Villa win at Brighton as Dave Woodhall begins to imagine.

This April might prove the most important one since 1981. When it ends the Villa could be, well, it doesn’t bear thinking about. And it started off perfectly. We’ve got a decent record at Brighton but against that this match came three days after an FA Cup quarter-final and with the rest of the night’s fixtures looking as one-sided as an Eddie Hearn promotion (one for the boxing fans out there) the pressure was on for the team to deliver. It was one of those nights where you’d kid yourself a draw would be okay although a defeat would make the top five highly unlikely.

There were the usual expected couple of changes, with Tyrone Mings rested and John McGinn coming in for Marco Asensio.

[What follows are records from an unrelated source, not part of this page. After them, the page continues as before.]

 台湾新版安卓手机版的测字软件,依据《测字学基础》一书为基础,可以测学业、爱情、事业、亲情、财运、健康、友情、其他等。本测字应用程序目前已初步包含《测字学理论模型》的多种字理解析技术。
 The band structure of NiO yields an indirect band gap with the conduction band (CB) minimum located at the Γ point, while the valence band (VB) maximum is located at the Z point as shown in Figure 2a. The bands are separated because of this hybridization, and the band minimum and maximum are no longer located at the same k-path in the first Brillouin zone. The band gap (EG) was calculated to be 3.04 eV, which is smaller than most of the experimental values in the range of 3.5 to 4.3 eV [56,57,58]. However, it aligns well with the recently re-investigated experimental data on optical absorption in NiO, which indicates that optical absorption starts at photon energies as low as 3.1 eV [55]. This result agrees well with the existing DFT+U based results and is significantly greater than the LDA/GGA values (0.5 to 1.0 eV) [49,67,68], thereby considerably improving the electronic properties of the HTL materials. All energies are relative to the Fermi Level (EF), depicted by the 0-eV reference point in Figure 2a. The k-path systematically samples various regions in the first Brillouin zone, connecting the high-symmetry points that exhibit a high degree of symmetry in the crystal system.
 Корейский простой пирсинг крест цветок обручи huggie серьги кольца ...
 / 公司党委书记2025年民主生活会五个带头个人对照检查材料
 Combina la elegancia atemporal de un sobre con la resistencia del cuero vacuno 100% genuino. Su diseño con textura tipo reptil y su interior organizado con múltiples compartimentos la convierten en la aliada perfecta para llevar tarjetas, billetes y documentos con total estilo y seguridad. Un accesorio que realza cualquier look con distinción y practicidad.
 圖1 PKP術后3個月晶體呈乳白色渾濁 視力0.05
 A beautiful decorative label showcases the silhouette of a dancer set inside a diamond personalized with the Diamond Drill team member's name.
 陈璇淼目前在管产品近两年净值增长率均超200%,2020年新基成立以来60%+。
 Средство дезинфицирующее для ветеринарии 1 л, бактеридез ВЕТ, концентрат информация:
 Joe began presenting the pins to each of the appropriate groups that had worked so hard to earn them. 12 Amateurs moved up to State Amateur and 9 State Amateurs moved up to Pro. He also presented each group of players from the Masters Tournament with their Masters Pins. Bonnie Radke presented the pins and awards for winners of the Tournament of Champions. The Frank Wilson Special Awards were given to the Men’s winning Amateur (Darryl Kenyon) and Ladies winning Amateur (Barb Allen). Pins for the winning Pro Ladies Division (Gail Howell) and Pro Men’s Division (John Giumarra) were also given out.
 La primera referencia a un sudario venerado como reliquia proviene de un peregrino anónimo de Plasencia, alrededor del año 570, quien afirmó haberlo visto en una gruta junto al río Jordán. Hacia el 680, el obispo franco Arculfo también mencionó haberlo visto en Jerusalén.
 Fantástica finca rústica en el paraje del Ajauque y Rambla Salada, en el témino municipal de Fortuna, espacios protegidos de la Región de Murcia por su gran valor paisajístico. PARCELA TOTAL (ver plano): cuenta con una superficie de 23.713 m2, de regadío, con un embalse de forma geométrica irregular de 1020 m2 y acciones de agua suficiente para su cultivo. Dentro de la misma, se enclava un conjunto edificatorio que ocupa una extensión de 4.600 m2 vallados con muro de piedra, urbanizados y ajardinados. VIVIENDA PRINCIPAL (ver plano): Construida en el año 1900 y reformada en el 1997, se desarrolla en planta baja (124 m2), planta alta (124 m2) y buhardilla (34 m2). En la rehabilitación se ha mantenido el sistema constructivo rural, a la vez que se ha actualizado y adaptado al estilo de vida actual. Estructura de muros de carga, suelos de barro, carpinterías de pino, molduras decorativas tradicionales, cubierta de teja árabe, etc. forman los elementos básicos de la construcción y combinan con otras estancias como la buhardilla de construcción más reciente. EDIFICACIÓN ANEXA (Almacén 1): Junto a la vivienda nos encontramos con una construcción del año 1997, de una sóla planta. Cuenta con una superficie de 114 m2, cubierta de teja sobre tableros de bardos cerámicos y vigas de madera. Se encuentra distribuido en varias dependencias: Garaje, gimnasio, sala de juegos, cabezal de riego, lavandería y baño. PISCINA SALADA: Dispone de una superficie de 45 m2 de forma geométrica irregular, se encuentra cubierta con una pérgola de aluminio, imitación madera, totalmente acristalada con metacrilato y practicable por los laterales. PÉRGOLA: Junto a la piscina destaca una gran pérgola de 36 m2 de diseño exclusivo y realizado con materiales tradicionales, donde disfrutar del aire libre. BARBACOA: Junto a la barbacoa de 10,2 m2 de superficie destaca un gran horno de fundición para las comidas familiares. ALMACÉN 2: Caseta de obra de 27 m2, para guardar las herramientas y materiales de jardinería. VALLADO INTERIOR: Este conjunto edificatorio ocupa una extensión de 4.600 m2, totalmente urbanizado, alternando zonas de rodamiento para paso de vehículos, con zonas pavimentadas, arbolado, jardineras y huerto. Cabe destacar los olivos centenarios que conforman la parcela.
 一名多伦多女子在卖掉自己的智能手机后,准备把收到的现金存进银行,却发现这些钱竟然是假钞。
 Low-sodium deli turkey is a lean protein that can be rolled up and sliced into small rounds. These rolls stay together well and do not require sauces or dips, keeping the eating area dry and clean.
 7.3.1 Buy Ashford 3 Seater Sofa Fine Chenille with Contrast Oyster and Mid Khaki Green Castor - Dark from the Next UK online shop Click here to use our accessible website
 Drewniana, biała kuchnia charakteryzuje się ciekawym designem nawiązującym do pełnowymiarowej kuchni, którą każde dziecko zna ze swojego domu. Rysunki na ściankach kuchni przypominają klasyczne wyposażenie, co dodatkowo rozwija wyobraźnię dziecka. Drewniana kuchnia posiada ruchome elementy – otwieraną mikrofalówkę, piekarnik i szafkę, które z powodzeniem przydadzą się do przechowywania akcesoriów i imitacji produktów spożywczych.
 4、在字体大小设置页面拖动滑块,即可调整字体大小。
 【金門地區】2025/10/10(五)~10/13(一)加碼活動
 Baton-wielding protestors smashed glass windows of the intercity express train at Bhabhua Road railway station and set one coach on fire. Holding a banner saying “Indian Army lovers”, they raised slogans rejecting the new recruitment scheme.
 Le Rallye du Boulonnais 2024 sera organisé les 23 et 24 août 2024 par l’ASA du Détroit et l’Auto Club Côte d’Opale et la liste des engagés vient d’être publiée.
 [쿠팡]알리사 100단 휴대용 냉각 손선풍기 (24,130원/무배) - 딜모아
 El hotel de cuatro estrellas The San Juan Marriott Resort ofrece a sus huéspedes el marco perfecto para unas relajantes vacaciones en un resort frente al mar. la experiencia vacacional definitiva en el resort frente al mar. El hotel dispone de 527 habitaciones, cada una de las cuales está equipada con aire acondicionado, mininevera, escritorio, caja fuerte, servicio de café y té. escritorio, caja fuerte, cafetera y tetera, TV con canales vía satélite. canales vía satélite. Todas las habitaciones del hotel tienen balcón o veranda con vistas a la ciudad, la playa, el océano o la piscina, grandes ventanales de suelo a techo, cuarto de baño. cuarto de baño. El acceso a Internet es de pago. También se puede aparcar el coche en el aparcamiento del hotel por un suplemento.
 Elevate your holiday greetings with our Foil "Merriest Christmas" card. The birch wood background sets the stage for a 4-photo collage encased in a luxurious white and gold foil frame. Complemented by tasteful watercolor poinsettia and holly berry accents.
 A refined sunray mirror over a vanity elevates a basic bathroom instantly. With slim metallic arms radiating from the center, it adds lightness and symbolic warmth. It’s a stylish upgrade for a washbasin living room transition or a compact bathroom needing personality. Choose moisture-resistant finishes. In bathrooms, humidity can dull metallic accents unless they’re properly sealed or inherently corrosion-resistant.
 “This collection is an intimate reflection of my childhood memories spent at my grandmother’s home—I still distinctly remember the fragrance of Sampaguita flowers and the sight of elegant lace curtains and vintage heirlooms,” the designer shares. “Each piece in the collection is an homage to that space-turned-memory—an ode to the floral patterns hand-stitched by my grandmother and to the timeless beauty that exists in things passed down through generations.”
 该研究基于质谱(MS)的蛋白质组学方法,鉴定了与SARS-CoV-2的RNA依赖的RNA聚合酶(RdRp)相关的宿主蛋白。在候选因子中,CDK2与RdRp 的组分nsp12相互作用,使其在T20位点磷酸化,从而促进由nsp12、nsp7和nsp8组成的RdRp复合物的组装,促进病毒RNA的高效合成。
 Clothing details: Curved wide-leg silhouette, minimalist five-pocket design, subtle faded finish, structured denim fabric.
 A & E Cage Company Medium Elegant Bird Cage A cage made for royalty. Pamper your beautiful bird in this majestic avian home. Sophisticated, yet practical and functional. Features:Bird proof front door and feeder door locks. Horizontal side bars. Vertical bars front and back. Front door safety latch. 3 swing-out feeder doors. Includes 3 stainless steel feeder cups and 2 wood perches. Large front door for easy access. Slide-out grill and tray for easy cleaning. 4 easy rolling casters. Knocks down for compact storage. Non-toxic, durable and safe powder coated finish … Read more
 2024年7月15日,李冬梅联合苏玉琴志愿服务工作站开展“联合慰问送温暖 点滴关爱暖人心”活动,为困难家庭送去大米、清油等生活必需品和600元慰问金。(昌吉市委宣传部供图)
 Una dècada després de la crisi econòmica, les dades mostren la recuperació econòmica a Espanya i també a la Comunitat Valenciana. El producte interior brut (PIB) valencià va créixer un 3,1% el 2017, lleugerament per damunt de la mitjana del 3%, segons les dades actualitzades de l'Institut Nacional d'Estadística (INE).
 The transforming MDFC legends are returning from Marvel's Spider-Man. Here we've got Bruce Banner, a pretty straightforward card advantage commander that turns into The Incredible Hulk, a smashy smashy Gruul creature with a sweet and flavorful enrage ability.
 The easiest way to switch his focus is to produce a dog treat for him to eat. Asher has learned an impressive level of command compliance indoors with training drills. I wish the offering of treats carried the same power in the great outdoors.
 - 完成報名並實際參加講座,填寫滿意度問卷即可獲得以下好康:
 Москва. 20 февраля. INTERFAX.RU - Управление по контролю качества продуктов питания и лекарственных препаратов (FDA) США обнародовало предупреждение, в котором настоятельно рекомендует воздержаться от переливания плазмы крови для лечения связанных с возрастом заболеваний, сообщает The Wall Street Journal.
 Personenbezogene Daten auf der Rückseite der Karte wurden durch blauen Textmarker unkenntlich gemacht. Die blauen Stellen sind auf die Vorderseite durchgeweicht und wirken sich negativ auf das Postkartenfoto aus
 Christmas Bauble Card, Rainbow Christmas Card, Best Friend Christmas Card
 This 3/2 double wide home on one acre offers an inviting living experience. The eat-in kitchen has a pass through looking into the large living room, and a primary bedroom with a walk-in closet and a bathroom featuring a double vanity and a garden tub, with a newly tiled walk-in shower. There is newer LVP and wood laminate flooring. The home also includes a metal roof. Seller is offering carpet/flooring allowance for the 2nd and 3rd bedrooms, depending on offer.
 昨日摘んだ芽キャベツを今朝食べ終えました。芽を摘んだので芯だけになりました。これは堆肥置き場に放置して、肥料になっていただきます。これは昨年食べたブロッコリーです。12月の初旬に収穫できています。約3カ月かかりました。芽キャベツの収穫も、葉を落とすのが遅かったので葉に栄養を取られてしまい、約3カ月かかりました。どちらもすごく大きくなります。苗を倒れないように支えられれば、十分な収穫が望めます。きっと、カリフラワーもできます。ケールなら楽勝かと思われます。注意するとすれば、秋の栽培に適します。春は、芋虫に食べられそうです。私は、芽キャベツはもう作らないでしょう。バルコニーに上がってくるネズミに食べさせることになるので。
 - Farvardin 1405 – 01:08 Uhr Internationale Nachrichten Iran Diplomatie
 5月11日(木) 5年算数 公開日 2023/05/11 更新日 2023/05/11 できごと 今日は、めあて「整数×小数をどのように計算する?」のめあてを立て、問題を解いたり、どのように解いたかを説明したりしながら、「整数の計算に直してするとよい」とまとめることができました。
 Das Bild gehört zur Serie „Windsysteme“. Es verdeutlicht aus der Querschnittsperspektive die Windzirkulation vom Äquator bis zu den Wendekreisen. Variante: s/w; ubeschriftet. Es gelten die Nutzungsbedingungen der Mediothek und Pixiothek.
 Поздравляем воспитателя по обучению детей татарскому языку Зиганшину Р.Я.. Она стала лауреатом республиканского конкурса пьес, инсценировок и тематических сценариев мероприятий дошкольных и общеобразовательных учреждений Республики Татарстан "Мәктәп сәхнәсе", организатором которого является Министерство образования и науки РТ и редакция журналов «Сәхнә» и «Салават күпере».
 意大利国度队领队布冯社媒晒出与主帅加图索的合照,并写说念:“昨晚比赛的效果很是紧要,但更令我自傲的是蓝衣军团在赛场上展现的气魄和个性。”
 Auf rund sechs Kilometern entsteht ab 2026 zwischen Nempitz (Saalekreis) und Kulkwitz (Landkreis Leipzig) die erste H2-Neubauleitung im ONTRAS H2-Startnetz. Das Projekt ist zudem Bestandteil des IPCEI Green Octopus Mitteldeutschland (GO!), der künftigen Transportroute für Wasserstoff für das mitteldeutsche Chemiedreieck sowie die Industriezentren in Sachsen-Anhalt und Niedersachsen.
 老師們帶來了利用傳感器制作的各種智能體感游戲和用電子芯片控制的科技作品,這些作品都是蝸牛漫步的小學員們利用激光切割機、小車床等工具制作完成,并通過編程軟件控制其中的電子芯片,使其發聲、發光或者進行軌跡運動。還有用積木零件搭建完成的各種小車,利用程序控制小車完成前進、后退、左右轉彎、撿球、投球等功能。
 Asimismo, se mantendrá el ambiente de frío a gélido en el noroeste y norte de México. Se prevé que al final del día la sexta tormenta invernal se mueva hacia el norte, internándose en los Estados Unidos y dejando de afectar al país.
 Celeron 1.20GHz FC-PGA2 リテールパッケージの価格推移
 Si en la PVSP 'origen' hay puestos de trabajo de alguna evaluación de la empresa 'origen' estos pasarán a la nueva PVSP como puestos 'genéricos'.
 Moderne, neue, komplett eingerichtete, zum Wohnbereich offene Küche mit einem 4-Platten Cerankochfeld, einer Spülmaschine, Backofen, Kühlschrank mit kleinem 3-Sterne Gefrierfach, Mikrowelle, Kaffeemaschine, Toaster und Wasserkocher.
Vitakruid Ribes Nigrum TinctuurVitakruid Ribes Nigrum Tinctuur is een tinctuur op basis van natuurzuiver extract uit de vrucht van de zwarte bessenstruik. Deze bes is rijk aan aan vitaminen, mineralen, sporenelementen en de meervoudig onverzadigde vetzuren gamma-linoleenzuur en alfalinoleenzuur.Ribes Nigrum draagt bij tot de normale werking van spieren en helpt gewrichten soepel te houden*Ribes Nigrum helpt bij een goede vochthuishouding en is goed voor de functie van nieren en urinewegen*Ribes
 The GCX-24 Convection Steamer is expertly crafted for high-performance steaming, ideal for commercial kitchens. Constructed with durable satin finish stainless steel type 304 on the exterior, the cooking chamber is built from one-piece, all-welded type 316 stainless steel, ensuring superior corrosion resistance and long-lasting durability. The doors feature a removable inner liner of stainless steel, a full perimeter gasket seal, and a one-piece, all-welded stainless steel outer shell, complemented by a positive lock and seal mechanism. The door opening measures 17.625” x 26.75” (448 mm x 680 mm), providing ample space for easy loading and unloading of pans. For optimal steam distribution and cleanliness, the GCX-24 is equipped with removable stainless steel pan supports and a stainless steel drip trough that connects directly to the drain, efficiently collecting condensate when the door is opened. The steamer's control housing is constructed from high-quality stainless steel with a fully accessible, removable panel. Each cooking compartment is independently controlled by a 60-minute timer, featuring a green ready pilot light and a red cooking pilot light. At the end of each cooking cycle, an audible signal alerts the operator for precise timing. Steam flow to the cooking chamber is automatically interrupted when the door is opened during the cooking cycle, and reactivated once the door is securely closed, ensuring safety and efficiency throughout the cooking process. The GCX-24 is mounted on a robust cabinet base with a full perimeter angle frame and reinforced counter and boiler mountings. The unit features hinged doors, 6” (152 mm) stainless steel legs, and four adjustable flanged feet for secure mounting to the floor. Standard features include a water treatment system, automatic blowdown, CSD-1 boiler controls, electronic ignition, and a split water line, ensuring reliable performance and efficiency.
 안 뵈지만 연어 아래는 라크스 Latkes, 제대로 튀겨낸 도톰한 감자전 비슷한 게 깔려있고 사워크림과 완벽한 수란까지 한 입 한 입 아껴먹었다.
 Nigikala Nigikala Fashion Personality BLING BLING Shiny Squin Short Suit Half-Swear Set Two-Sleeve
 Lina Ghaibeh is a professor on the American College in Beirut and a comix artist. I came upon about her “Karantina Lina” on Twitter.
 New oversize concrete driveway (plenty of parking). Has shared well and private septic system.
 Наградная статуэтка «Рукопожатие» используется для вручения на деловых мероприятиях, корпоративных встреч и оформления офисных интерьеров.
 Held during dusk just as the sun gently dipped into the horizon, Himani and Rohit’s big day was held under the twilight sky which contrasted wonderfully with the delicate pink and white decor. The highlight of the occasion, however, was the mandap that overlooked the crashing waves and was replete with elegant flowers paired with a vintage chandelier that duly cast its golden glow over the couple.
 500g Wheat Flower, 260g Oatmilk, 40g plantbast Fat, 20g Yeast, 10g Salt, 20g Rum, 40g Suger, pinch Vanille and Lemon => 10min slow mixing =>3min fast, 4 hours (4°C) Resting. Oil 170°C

Sometimes you write things like that and have to stop to realise that it’s not a dream. Looking at the Villa bench and thinking what it was like even a few months ago is, to put it mildly, a bit mind-blowing.

And so the game began, less a dream and more a team who were exuding the confidence that comes from knowing they’re the best on the pitch. As has often been the case there weren’t a great deal of chances in the first half but then again we seem to have got rid of the tendency to let in early goals.

Pity the ref hasn’t got rid of the tendency to make diabolical decisions, as we saw when Jacob Ramsey was brought down in the box without a penalty being given, but when Brighton hit the post from a free-kick he wasn’t penalised for handball, which in no way made up.

With the game goalless at half-time you knew that if it remained that way for long a world-class player or two would be brought on. They weren’t needed, at least not at first, because five minutes after the break a long ball from Morgan Rogers let in Marcus Rashford, who ran on and finished with the calmness expected of such a striker, seconds after Brighton were taking a corner. We used to let in goals like that.

The home side had a goal disallowed for handball, which their players didn’t seem too upset about, then surprisingly three players came on after 65 minutes, including Asensio. It’s bordering on cruelty to have that happen, although it did take thirteen minutes for him to have an effect. Rogers, again, took the ball out wide, Ollie Watkins either fell over or did it deliberately, and Asensio hit the square ball past Watkins and the keeper. VAR looked at that one as well, but for what your guess is as good as mine.

A result of all these VAR checks was an unfeasibly large amount of stoppage time and in the eleventh minute of it McGinn drove forward, Asensio moved the ball on and Donyell Malen got his first Villa goal. Three points, another clean sheet, a decent boost to the goal difference and the only disappointment was that most of the other results went as expected.

Not that it matters all that much because the night’s entertainment provided more evidence that when they’re on form this Villa team is a match for any in the world. We haven’t been able to say that for forty-odd years, either.